Somewhere in his heart he had always felt that was not right. But his mind had continued to condemn him as if it were true. Maybe he was the one who had been blind, blind to his own power to do good and be good. Maybe the world was not finite after all. Maybe what he had always thought of as taking could somehow also be giving. And in giving, perhaps, he could finally be filled. Perhaps five loaves of bread and two fishes – somehow – could be enough to feed a multitude.
She was a chaste-hearted woman, a mother and homemaker, a daughter of God. He thought of the way her voice sometimes broke with emotion as she sang the hymns of redemption, recalled the shy, luminous expression on her face the day she returned from a temple trip. She had prayed for him, she said, and he had scowled at her and hated himself for scowling. She knitted blankets by feel for the maternity home and made phone calls to a neighbor in the hospital. Yet she was a sensualist. She was a wanton whore, a temptress, swollen with a suffering need, nearly moaning with it. And from that place of need came good, came life itself. He had seen it with his own eyes. The spirit and the body were one. Jesus Christ!
It was too blasted naive, too simple – wasn’t it? Could it be true? His filthy lips, his selfish genitals – could they be “good?” Could he bless a woman with his pitiful neediness? Could he take her with all the fury of his hot, hardened balls and not only please her, but please God? Please the Father in searching out the limits of truth with the rearing head of his own penis, the pleasure of his own body, of her body? Two wills not competing, but one?
Yes! The pleasure of God, the pleasure of humankind – the same! God loved him! God was opening the final frontier to him, a whole green continent sprawling clear to the horizon, spilling over with color, texture, taste, smell, sound. A rich new earth was spread like a Thanksgiving table before him, without money, without price, a new and living world! Together they could plumb her deepest grief-filled seas and thrust into her dark, laughing forests, they could climb over her stark mountains and undulating hills, through the dumb, stumbling night and straight on into the sunrise. They could follow the spiral all the way home. It wasn’t too late.

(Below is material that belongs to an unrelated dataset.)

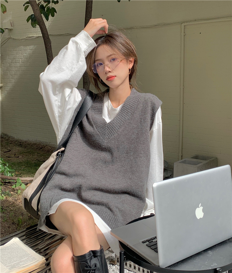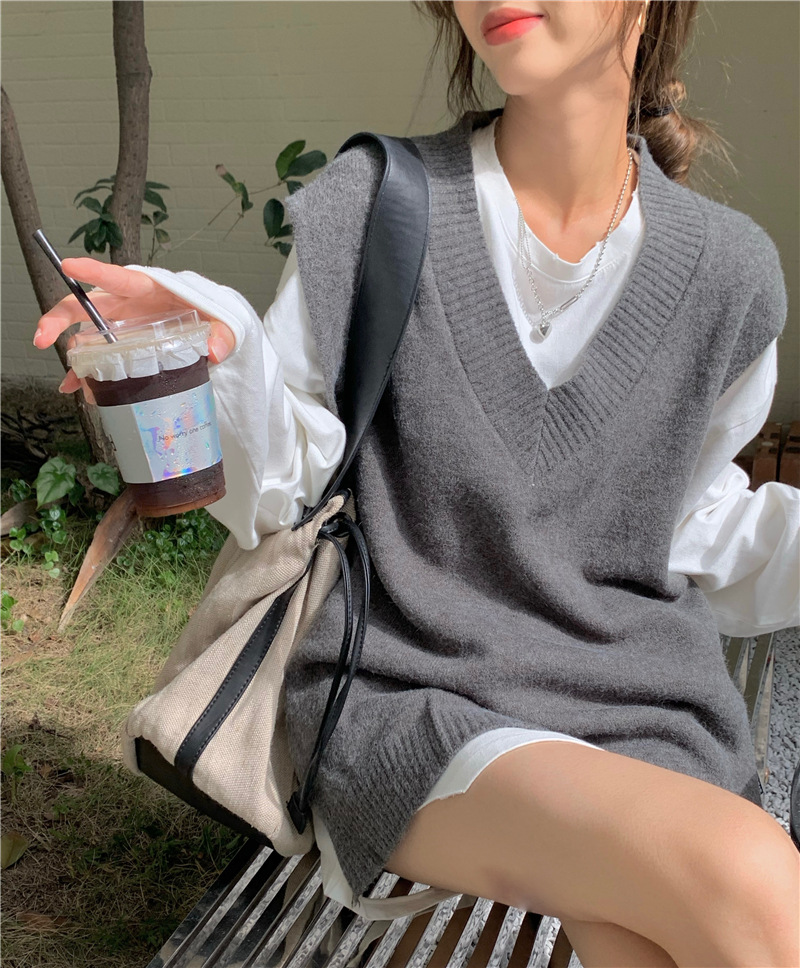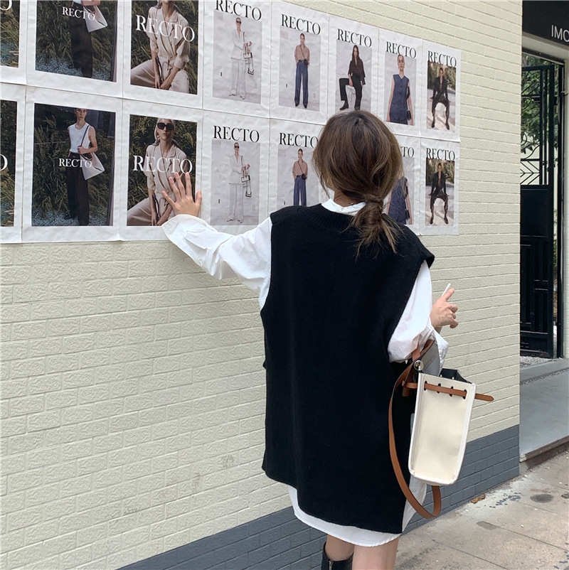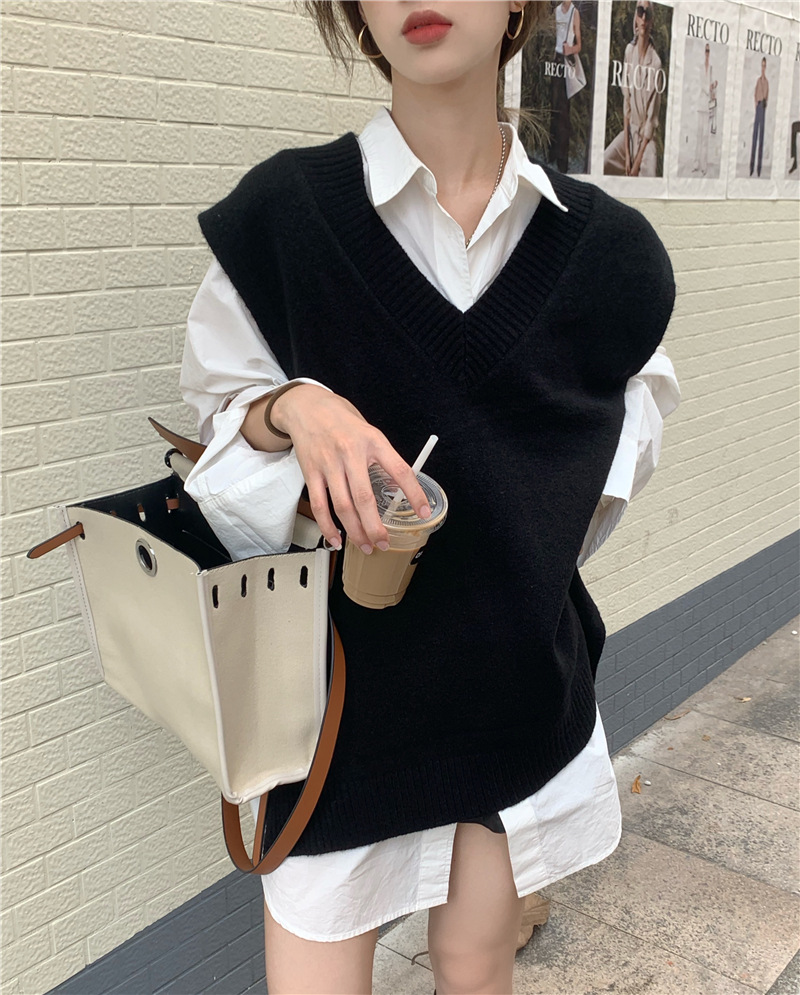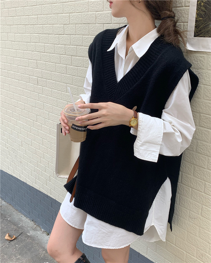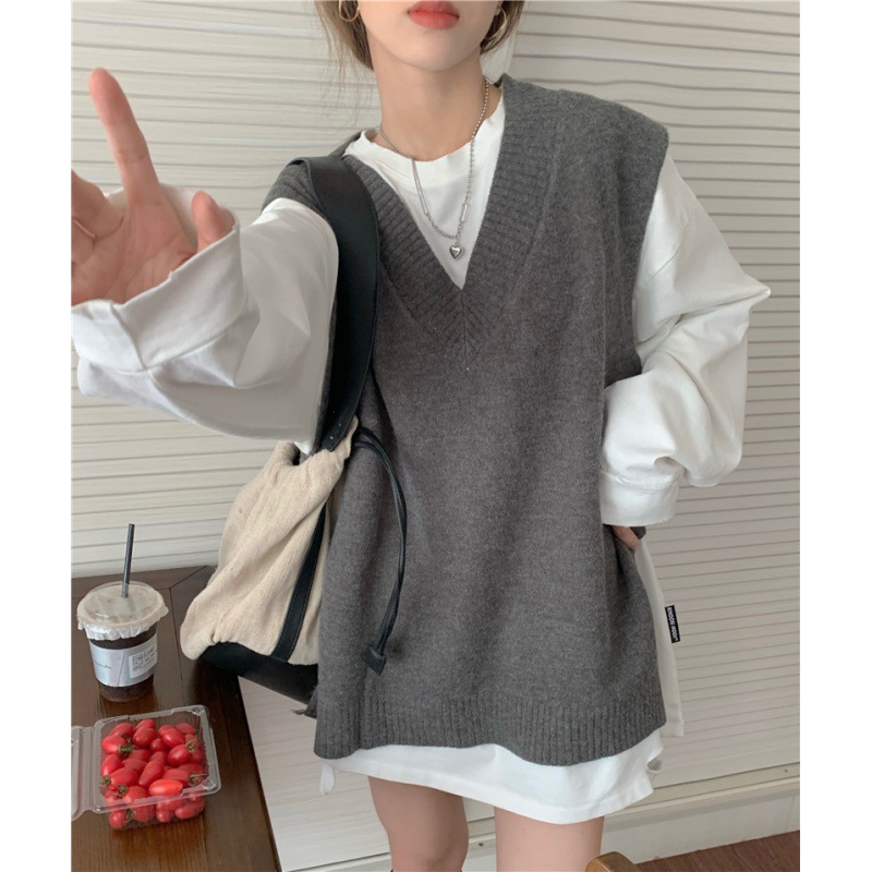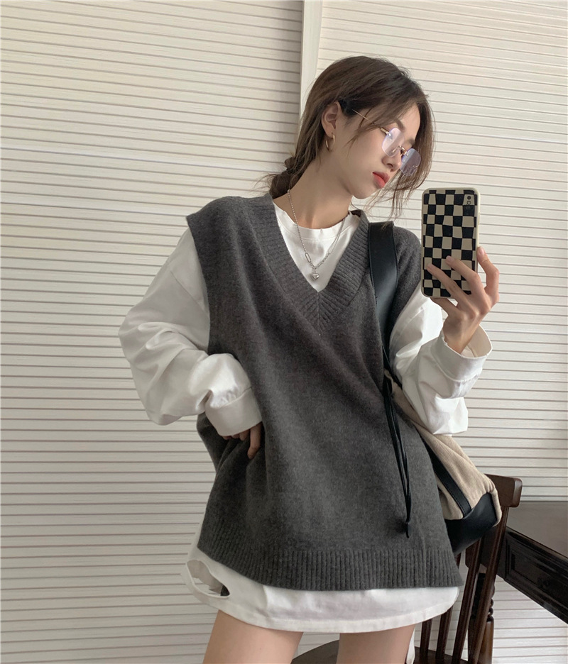 2025 새로운 v 넥 니트 풀오버 조끼 여성 한국 스타일 느슨한 다목적 슬리밍 겉옷 민소매 스웨터 여성스토어 가기
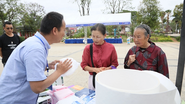 5月28日,在2024年云南省科技活動周主場活動上,60余項創(chuàng)新成果與文山市民朋友見面。通過全景式展示、沉浸式體驗、互動式參與,高原特色農(nóng)業(yè)、綠色能源、生物醫(yī)藥等領(lǐng)域的創(chuàng)新成果,人工智能、警用無人機(jī)、醫(yī)療義診等與人們生活密切相關(guān)的科普活動在廣場上“流動”起來,讓大家近距離觸摸科技、走進(jìn)科技,感受科技的魅力。

He felt a buzzing in his head like the roar of a distant waterfall. The edges of his lips began to tingle.
Sensation began to return down the sides of his neck to his shoulders, his arms, down to his wrists and the palms of his hands. Suddenly the long forgotten rasp of his own breathing dawned upon his consciousness. With one tremendous screech, a rusty gate burst open deep in his chest and he fell to his knees with great heaving sobs, “Oh my Lord, oh my God…”
* * *
Ashlee stood barefoot in her garden, her toes cooling in the soil. It was already mid-morning, and all the weeding was done. She had the portable phone clipped to the waist of her pants, not wanting to miss his call. The early summer sun had climbed past the low-lying banks of clouds – it was a fine day. Surely he would finish the painting today. Her heart ached to see him. To look in those strange, ageless eyes. To hear him saying her name. She couldn’t wait to tell him that her vision was improving. The black walls of the tunnel had begun to soften to a fuzzy gray. The phone rang.
“Abe?”
“Sister Dustin?” It was Bishop Lawson’s businesslike voice. “I have some sad news to report. I thought you ought to know. Abe Friedman was found dead at his home last night.” Several moments pass. She stands staring at the ground. A circular picture rimmed in fog. Yellow-orange grains of pollen stand poised on the anther of a pumpkin flower against the deep green background of a leaf. “The funeral will be Thursday at eleven. Would you feel up to saying the closing prayer?”